New data is split into a training set and a test set in various
proportion to examine the influence of the number of new available
samples (in the training data an even proportion is taken of each
class). Each experiment is repeated 100 times for random data
splits and the balanced success rate is averaged (balanced success
rate=average of sensitivity and specificity). When feature
selection is preformed, 10 features are selected. All the
experiments are performed with the Golub classifier.
[0390] There are several ways of re-using "old data". Features may
be selected with the old data only, with the new data only, or a
combination of both. Training may be performed with the old data
only, with the new data only, or a combination of both. In this
last case, a distinction between adapting all the parameters W and
b using the "new data" or training W with the "old data" and
adapting the bias b only with the "new data" is made.

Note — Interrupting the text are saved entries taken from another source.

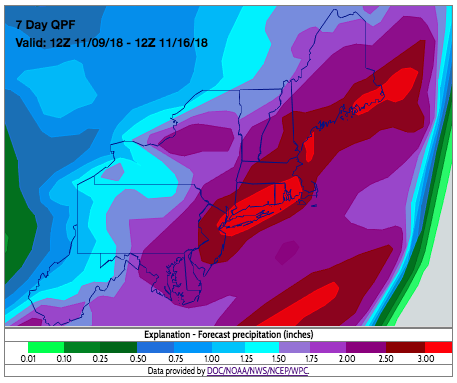 It’s been a wetter-than-normal year for a majority of the 35 major climate sites in the Northeast. As of the 8th, 18 sites have already had one of their 20 wettest years on record. From 1 to more than 3 inches of precipitation is forecast for the Northeast over the next seven days, so a few more sites may be added to that list. In fact, Baltimore, MD, and Charleston, WV, have the potential to have their wettest years on record if they receive a little under 3 inches of precipitation during the rest of November and December. Baltimore already had its wettest July on record, while Charleston had its wettest September.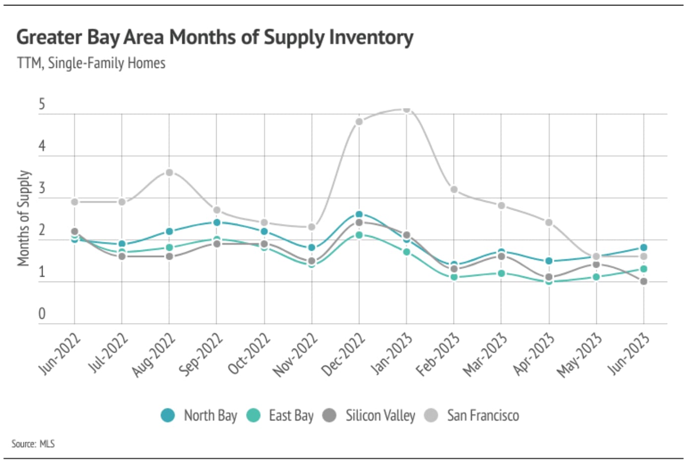 Months of Supply Inventory is under two months in June across the Bay Area, indicating a strong sellers’ market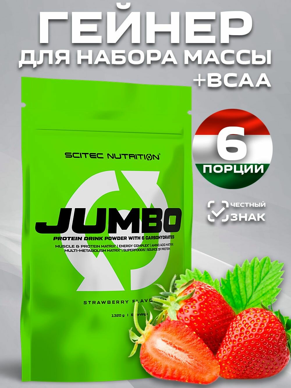 Гейнер. Gainer Jumbo 1320 гр. Белково — углеводном комплекс. Клубника: сравнение цен, характеристики, фото, актуальное наличие и цены.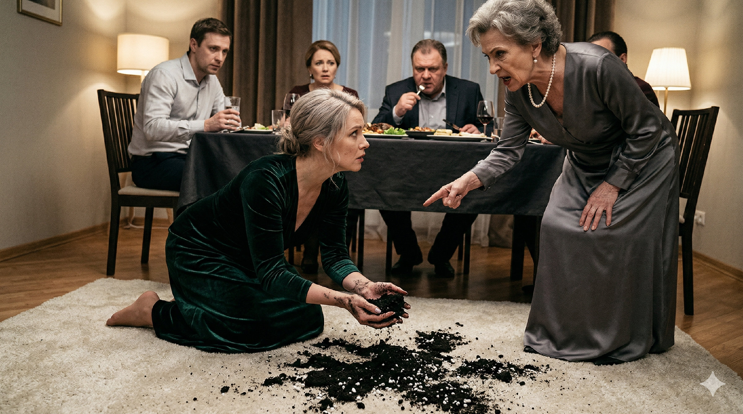 Свекровь при гостях рассыпала мусор по ковру: «Убирай!» Утром муж навсегда выставил её за дверь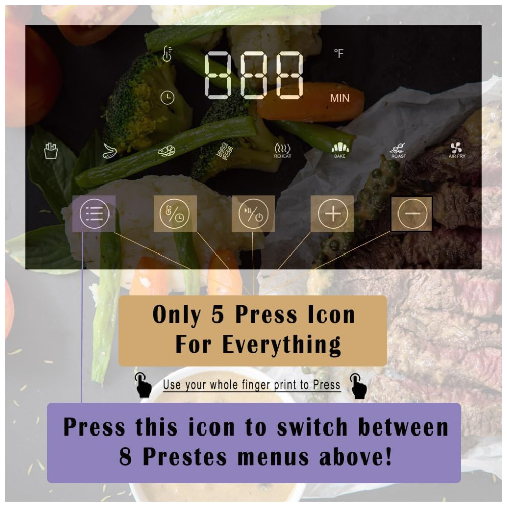 OITO PREDEFINIÇÕES VERSÁTEIS E PERSONALIZÁVEIS Este fritador elétrico multifuncional vem equipado com 8 botões, oferecendo uma variedade de opções de cozimento com temperatura e tempo de referência padrão quatro alimentos comuns na cozinha e quatro funções essenciais.

[0391] In this example two sets of experiments, Case 1 and Case 2,
were performed. [0392] Case 1: "Old data"=Stamey, "New data"=public
[0393] Case 2: "Old data"=public, "New data"=Stamey
[0394] The results are different in the two cases, but some trends
are common, depending on the amount of new data available.
[0395] It helps to use the old data for feature selection and/or
training. The combination that does well in both cases is to
perform both feature selection and training with the combined old
and new data available for training. In case 2, using the new data
for feature selection does not improve performance. In fact,
performing both feature selection and training with the old data
performs similarly in case 2. Training the bias only performs
better in case 2 but worse in case 1. Hence, having a stronger
influence of the old data helps only in the case when the old data
is the public data (perhaps because there is more public data (164
samples, as oppose to only 87 Stamey samples and it is more diverse
thus less biased.) The recommendation is to use the old data for
feature selection; combine old and new data for training.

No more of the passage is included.